In this embodiment, an example is shown in which the rain detection device is connected to a wiper device of an automobile, and the windshield of the automobile is used as a transparent body that receives raindrops and reflects light. It can also be placed on a car roof or hood using a separate glass or acrylic plate. Further, the rain detection device can be used not only for an automatic wiper device of an automobile but also for automatically closing a skylight of a house or a greenhouse at the time of rain, for example.

[0020]

As described above, the rain detecting device according to the present invention is connected to the first capacitor through the above configuration, particularly, the inverting amplifier, and emits light according to the output of the inverted and amplified first capacitor. Means for comparing the output of the first capacitor, which has been inverted and amplified, with the output of the second capacitor, and generating a signal based on the comparison result. Since the light emission of the light-emitting means is controlled so that the light reception of the light-receiving means is always constant, the sensitivity can be adjusted even if the material of the transparent body such as the windshield is changed or the transparent body becomes dirty. Is not necessary, and the first capacitor and the second
Since the change in the rate of change in the amount of light is detected by the condenser, an excellent effect of being able to detect raindrops attached to the surface of the transparent body with high responsiveness and high sensitivity is provided.

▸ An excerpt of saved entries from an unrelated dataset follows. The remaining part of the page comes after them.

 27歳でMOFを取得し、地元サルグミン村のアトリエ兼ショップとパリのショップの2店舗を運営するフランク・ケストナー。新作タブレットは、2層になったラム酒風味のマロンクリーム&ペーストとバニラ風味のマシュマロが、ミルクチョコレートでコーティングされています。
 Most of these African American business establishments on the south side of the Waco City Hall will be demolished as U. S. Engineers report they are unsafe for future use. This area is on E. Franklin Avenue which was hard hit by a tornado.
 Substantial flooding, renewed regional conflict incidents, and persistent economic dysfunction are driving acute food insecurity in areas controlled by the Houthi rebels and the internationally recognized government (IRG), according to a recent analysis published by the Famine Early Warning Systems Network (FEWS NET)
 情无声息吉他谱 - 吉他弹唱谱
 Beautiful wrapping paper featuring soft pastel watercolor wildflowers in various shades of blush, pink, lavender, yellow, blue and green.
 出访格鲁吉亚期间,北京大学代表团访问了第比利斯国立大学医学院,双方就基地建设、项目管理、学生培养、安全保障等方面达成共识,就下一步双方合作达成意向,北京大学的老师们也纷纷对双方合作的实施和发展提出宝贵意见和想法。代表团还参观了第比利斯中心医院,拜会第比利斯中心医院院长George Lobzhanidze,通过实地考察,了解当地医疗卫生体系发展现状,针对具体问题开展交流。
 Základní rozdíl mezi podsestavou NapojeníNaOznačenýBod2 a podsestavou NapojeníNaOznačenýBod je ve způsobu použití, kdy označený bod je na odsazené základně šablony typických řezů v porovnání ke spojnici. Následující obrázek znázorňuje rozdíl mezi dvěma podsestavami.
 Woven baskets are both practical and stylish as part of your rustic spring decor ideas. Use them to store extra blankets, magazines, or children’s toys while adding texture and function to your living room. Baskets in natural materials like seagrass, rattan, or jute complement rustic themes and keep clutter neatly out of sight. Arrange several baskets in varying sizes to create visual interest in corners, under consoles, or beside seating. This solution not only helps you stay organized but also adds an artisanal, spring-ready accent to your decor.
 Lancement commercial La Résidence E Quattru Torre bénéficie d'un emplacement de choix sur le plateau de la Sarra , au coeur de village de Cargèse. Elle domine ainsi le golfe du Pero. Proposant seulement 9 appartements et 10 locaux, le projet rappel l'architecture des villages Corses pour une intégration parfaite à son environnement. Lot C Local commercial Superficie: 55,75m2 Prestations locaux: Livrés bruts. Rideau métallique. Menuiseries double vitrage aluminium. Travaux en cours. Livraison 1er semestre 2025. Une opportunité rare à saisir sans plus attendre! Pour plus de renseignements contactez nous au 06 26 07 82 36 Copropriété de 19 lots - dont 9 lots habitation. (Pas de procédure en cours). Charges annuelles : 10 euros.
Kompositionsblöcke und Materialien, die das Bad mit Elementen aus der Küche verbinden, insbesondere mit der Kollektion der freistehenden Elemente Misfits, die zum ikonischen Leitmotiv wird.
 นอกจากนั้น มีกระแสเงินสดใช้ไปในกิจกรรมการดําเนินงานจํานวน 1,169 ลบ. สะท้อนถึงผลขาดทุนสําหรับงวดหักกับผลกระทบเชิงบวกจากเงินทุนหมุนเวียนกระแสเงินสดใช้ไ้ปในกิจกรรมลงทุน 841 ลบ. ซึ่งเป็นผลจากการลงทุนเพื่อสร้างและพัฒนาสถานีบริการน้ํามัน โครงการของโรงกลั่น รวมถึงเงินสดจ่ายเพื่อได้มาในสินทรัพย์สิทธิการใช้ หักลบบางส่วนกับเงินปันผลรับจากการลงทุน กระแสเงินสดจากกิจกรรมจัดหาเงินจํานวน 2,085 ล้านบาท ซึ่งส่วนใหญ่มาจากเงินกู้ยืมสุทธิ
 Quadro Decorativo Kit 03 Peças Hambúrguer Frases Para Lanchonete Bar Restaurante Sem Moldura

[Brief description of the drawings]

FIG. 1 is a block diagram illustrating a configuration of a rain detection device according to an embodiment of the present invention.

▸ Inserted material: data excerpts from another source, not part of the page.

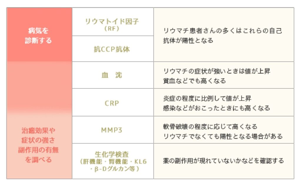 血液検査や尿検査は、関節リウマチの診断や病気の強さ、治療薬の副作用の有無をみるために行います。他の病気でも検査値が大きくなったり、陽性になることがあり、検査項目1つが条件を満たしても必ずしも関節リウマチとは限らないため、他の検査と組み合わせて診断されます。
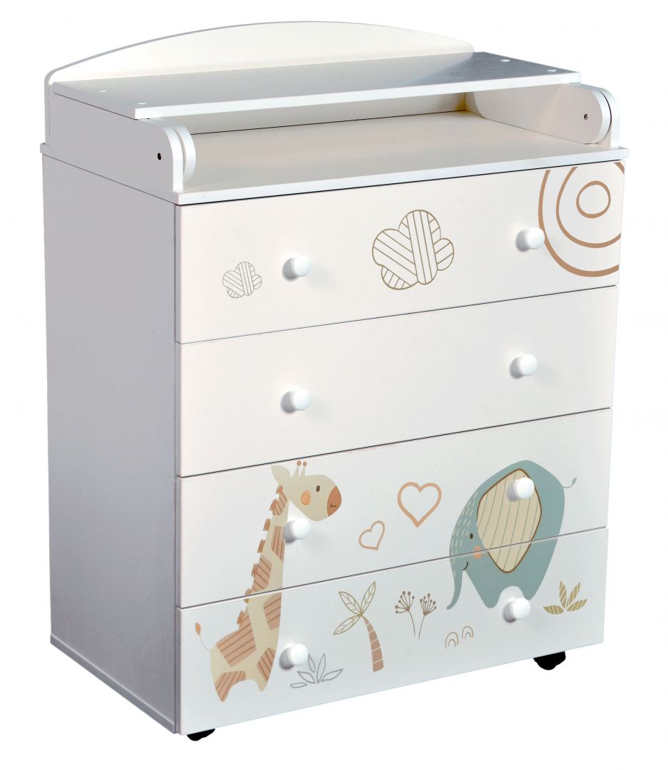 Верхняя крышка комода раскладывается книжкой и образует удобный пеленальный столик. Все торцы комода отделаны скругленными кромками из ПВХ.
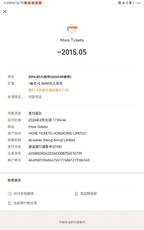 这样艰难的日子苦熬着,没想到一笔冒出来的订单再起波澜。据欧阳先生讲述,平时女儿卧床在家,四肢瘫痪仅有两根小拇指可以动弹,自己便给女儿准备了一个平板电脑用作消遣,女儿与外界的简单交流也靠在平板电脑上打字。3月30日傍晚5点多,他突然发现女儿的微信上有一条2000多元的支付记录,大惊之下,连忙点进去查看,发现是16岁的女儿在一家名为“摩天轮”的票务平台购买了一张4月9日邓紫棋的中国台北站演唱会门票。“女儿以前就喜欢听邓紫棋的歌,估计是看到了她的演唱会信息,不小心点进去的。”欧阳先生讲,女儿的微信绑定了她的银行卡,卡里的存款是爷爷奶奶外公外婆给她存进去用作应急的钱,没想到却被购买了演唱会门票。
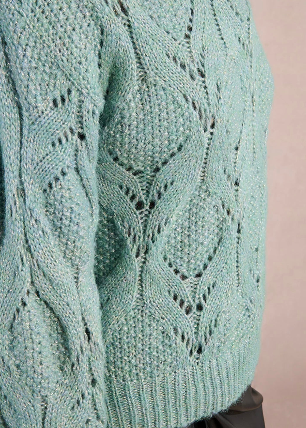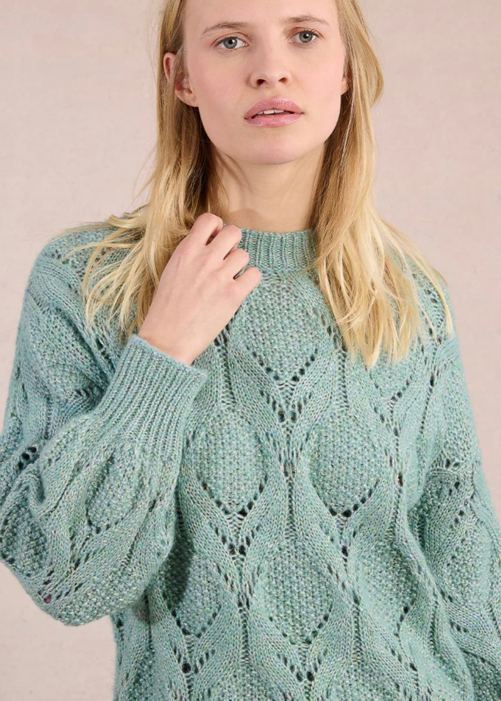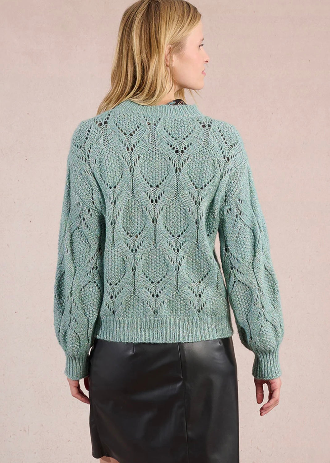 The Maddison Sweater brings charm and comfort with its playful openwork knit pattern and softly ballooned long sleeves. Its round neckline frames your look perfectly, making it an easy favorite for layering or wearing on its own with a touch of whimsy.
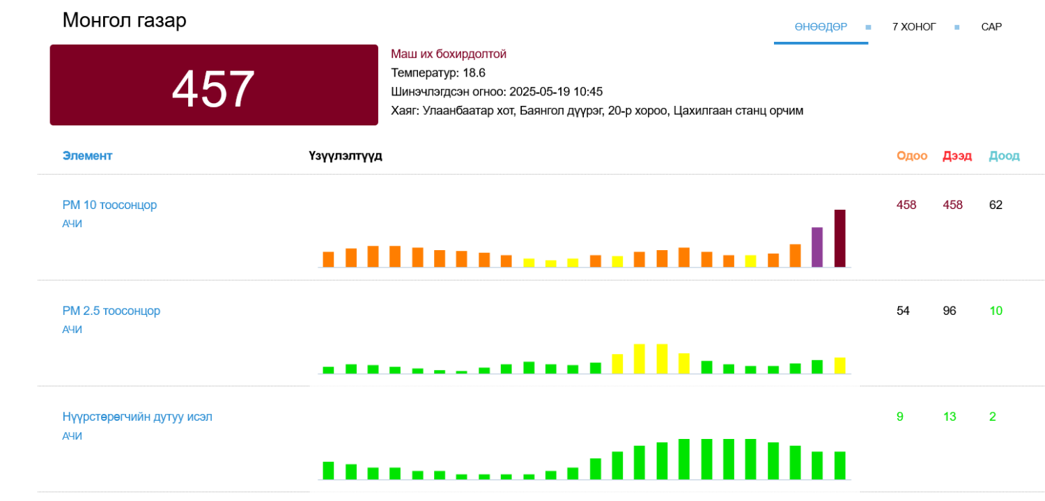 Агаарын чанарын индексийн хэмжилтийг заадаг agaar.mn сайтад мэдээлж буйгаар өнөөдөр 11 цагийн байдлаар ТЭЦ-4 станц орчмоор агаар маш их бохирдолтой байна.
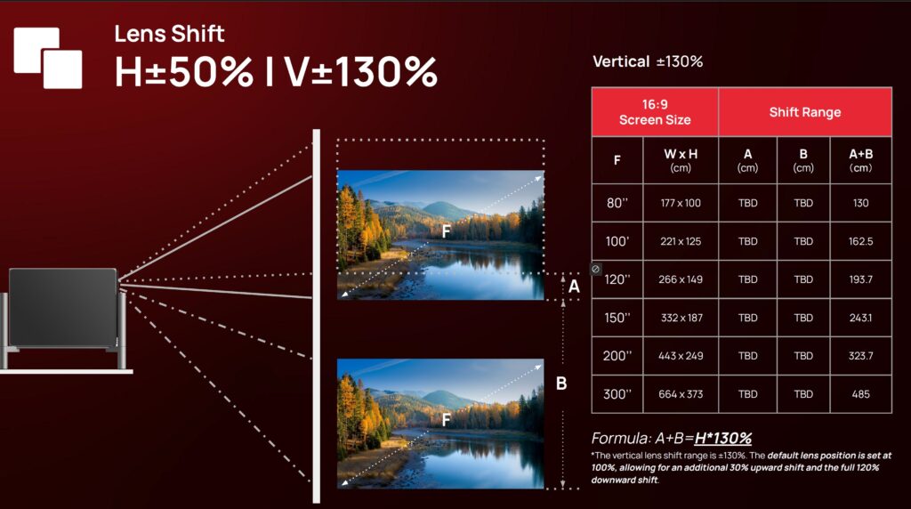 - Lens shift: Horizontal ±50%, Vertical ±130% (with lens memory for up to 5 positions—perfect for switching between 16:9 and 2.35:1 CinemaScope)

FIG. 2 is a schematic explanatory view showing a structure and an optical path of a raindrop sensing unit of the rain detection device shown in FIG.

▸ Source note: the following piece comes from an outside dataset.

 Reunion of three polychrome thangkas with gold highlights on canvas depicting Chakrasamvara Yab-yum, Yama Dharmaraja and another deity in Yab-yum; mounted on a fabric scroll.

FIG. 3 is a schematic explanatory view showing an optical path when raindrops adhere to the raindrop sensing unit shown in FIG. 2;

FIG. 4A is a schematic explanatory view showing a structure and an optical path of a raindrop sensing unit in a conventional rain detection device. (B) It is a block diagram showing the composition of the conventional rain detector.

[Explanation of symbols]

 DESCRIPTION OF SYMBOLS 1 Rain detection device 3 Infrared light emitting diode (light emitting means) 4 Window glass (transparent body) 5 Infrared photodiode (light receiving means) 7 First capacitor 8 Inverting amplifier circuit (inverting amplifier means) 9 Second capacitor 10 Light emitting power supply 11 Comparison Circuit (comparison means) 12 Intermittent circuit (intermittent means) 13 Oscillator

──────────────────────────────────────────────────続 き Continued on the front page (58) Field surveyed (Int.Cl. ⁶ , DB name) G01N 21/00-21/01 G01N 21/17-21/61

Claims (2)

(57) [Scope of request for utility model registration] A light emitting unit that emits light; a transparent body that reflects a part of the light from the light emitting unit; and a light receiving unit that receives light from the light emitting unit reflected by the transparent body and outputs an output according to a received light amount. And a first capacitor connected to the light receiving means and averaging the output from the light receiving means; and an inverting amplifying means connected to the first capacitor and inverting and amplifying the output from the first capacitor. Connected to the first capacitor via the inverting amplification means,
A second determining a voltage applied to the light-emitting means from a light-emitting power source in accordance with the inverted and amplified output of the first capacitor;
A capacitor, and comparing means for comparing the output of the first capacitor and the output of the second capacitor inverted and amplified by the inverting amplifying means, and outputting a signal based on the comparison result. Detection device. 2. The rain detection device according to claim 1, further comprising an intermittent means for intermittently switching the output of the second capacitor according to an oscillator, between the second capacitor and the light emitting power supply.